The model for the study was designed based on the “Technology Acceptance Model” [52]. The independent variables in the experiment were the mode and timing of feedback and type of robot. Although both Poppy and Nao are humanoid robots, Poppy was hypothesized to be more likable due to the facial impression that was added using the LCD screen and due to its appearance which is less toy-like. This conforms with the study of the design and perception of humanoid robot headed by DiSalvo et al. [51] where they emphasized the significance of well expressed robot eyes in the human’s perception of the robot. Additionally, Poppy’s movements reach a wider range than the Nao and therefore its demonstration of exercises might look to the users more real. The dependent variables were the perceived usefulness, ease of use, attitude and behavioral intention to use the system as depicted in Fig. 8. These were measured objectively and subjectively. The following hypotheses were proposed:

  • H1 - H1a: Older adults will perceive the system as more useful in conditions with audio and visual feedback compared to conditions when only audio feedback is present. H1b: Older adults will perceive the system as more useful with continuous feedback compared to discrete feedback.

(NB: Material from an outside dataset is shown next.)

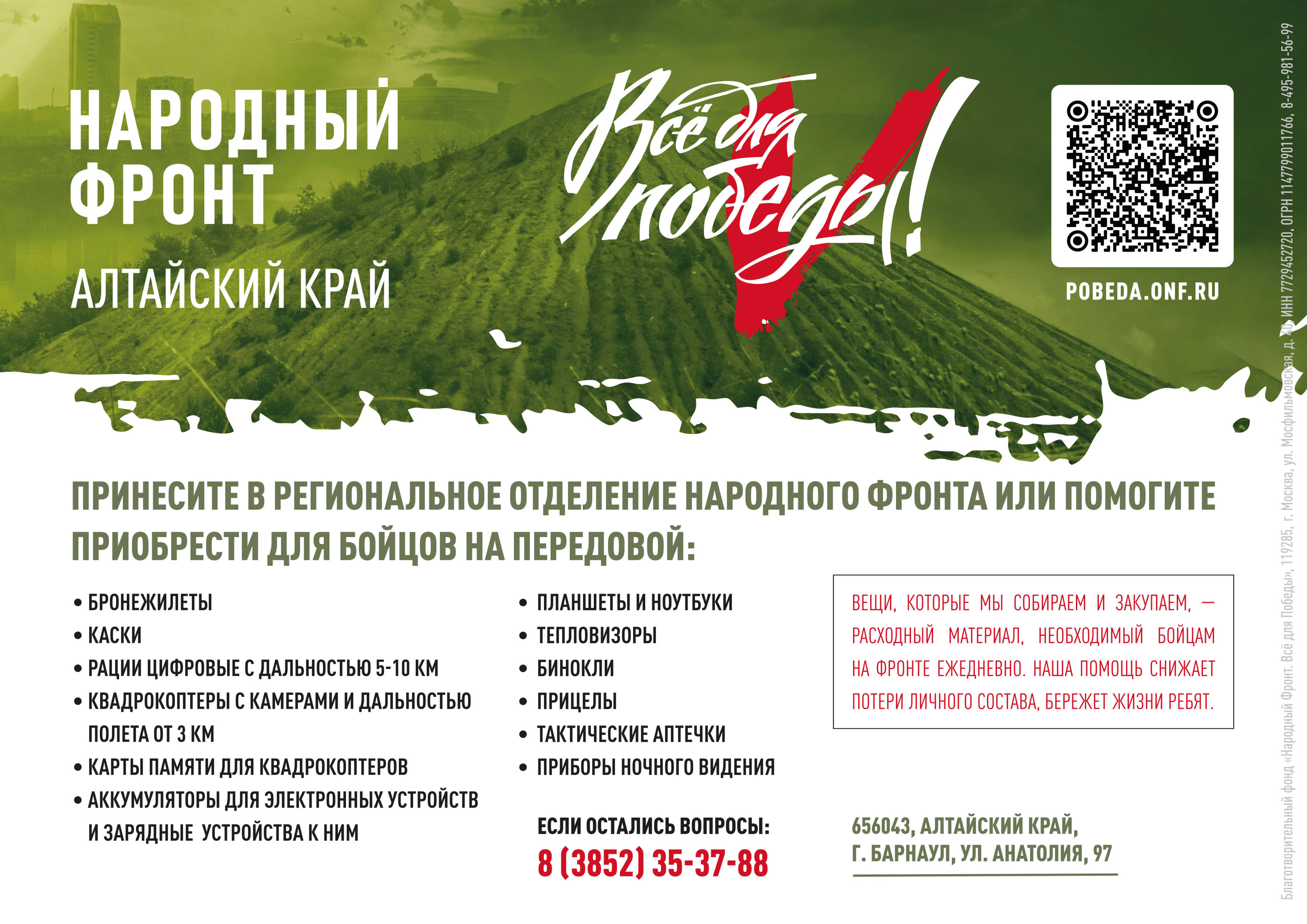 Подробнее о проекте «Все для победы» https://pobeda.onf.ru/ и региональный QR-код для пожертвований
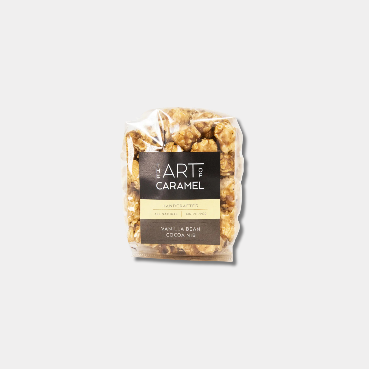 Velvety smooth caramel coats our non-gmo popcorn while the sweet scent of vanilla beans tickles your nose. Top it off with crunchy caramelized pieces of cocoa nib and you have the very best snack around!

  • H2 - Older adults will perceive the system as more useful while interacting with Poppy robot compared to the Nao robot.

  • H3 - H3a: Older adults will perceive the system as easier to use when receiving audio and visual feedback compared to only audio feedback. H3b: Older adults will perceive the system as easier to use with continuous feedback compared to discrete feedback.

  • H4 - Older adults will perceive the system as easier to use when interacting with Poppy robot (mechanical like) compared to Nao robot (toy-like).

  • H5 - Older adults will have a better positive attitude while training with Poppy robot than with Nao robot.

  • H6 - H6a: Older adults will have a more positive attitude while using the system with audio and visual feedback than with only audio feedback. H6b Older adults will have a more positive attitude while using the system with continuous feedback than with discrete feedback.

  • H7 - The behavioral intention to use the system of the older adults will be higher with Poppy robot than with Nao robot.

  • H8 - H8a: The behavioral intention to use the system of the older adults will be higher with audio and visual feedback than with only audio feedback. H8b The behavioral intention to use the system of the older adults will be higher with continuous feedback than with discrete feedback.

  • H9 - Higher perceived usefulness of the system will influence a positive attitude to use the system.

  • H10 - Higher ease of use of the system will influence a positive attitude to use the system.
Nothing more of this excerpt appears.